You don’t own me


Si tiene que poseerme alguien prefiero mil veces que lo haga un espíritu maligno con hambre de destrucción a que lo hagas tú, no por la posesión en sí, que a los demonios es complicado resistirse, sino porque a lo mejor si deseas tenerme me descuido y lo consigues, pero en el momento en que te pertenezca ya me habrás perdido.
Se tienen cosas, pero las personas no somos objetos.
El amor no es eso.

No tengo miedo a quererte, pero sí lo tengo a que no sepas hacerlo, a que caigas en la trampa de creer que querer es hacer nudos, a que sientas mi necesidad de ser libre como una amenaza a tu seguridad, a que no puedas entender que puedo estar contigo todo el tiempo sin estar siempre a tu lado.

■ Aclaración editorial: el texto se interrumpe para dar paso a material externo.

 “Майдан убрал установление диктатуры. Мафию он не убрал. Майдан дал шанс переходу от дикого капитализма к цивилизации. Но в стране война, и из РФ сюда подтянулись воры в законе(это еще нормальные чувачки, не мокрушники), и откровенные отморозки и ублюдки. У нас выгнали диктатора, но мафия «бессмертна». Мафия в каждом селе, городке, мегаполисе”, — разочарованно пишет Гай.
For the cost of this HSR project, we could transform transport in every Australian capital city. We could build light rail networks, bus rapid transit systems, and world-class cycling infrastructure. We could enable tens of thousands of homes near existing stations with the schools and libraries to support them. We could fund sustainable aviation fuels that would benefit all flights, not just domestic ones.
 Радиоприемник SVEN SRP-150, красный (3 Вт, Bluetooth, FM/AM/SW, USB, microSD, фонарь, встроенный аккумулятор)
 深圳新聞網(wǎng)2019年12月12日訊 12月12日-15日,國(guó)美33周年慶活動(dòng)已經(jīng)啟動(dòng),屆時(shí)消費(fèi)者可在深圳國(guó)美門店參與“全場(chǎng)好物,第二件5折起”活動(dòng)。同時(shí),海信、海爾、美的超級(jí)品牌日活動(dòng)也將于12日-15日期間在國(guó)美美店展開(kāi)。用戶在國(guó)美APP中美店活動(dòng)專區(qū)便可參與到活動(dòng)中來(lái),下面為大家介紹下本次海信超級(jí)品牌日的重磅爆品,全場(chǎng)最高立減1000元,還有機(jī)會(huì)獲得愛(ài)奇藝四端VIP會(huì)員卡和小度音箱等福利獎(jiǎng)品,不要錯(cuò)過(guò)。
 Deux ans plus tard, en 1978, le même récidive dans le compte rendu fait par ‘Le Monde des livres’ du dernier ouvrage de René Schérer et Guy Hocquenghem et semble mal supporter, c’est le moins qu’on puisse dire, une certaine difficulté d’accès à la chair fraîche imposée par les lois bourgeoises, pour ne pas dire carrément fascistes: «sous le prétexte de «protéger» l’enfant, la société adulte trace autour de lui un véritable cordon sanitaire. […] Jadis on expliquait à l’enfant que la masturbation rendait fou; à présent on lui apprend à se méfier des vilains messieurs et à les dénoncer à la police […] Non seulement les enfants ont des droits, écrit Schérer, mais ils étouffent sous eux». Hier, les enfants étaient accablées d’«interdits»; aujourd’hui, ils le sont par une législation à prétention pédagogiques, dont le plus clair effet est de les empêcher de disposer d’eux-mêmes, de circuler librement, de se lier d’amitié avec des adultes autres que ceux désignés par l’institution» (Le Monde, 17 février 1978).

Me noto últimamente distante, escéptico quizá, pero es que miro esto del amor y no lo veo: tengo la sensación de que hay algo que se nos está escapando.

Cuando no entiendo las reglas del juego prefiero mirar cómo le va la partida al resto, y en esas estoy: mirando a uno y otro lado, con un reglamento de cien páginas delante y sin ganas de leer.

 

Lesley Gore – You don’t own me

I’m free and I love to be free.

Demons


Gastamos demasiada energía en crear demonios externos con tal de no afrontar la realidad de que los verdaderamente temibles son aquellos que llevamos dentro.
No es el hombre del saco quien nos impide ser felices, ni los vampiros, ni los zombis… Nosotros mismos creamos nuestros demonios como quien le pone ojos y brazos a Mr Potato, otorgándoles atributos que cogemos de la lista de nuestros peores miedos, con lo que nos parecen prácticamente invencibles.
¿Qué hacemos una vez los tenemos? ¿Luchar? No hombre no, eso sería demasiado complicado: lo que solemos hacer es esconderlos, guardarlos en algún lugar de nuestras entrañas al que jamás sabríamos llegar si nos preguntaran y dejar que nos vayan carcomiendo desde dentro, que es mucho más sencillo. ¿Es sano? Más bien no, pero fumamos, bebemos y abusamos de las grasas y los azúcares. Donde caben dos hábitos poco saludables caben tres, y como tres son dos más uno siempre hay sitio para un nuevo tercero donde cabían dos de los primeros tres, y así donde caben dos terminan cabiendo, a ver por cuántos vamos… veinte. Y subiendo.

Son nuestros demonios y no hay nadie más que pueda enfrentarse a ellos, porque están hechos a nuestra imagen y semejanza; y aquí podría tirar también del hilo y acabar metiéndome con algún dios, pero ahora estoy por otros temas.

Enhorabuena: has creado un nuevo demonio, el Ctrl + Z no funciona y ya no te caben más. Sé que no querías, pero ha llegado el momento: o explotas, lo cual nunca es agradable y yo no suelo recomendar a no ser que me caigas muy muy mal, o coges lo primero que tengas a mano que se parezca a un arma y bajas al sótano a luchar.
¿Como es mi demonio me lo como yo solo? Pues tampoco, hombre, que compartir es amor, y no hay nada que diga amor como presentarte en casa de un amigo a las tres de la mañana con tu bestia alada de tres ojos y siete cuernos que come bebés que lloran mucho (hasta aquí bien) y señores con barba. ¿Podrá matarla tu amigo? Por supuesto que no, pero eso no quiere decir que no pueda estar a tu lado en el proceso, porque una cosa es que a tus demonios tengas que vencerlos tú y otra muy diferente que tengas que hacerlo sin ayuda, que no eres Buffy.

Y al final todo esto es para decirte que sí, que todos la cagamos, pero sé fuerte, ¿vale?

Imagine Dragons – Demons

But with the beast inside there’s nowhere we can hide.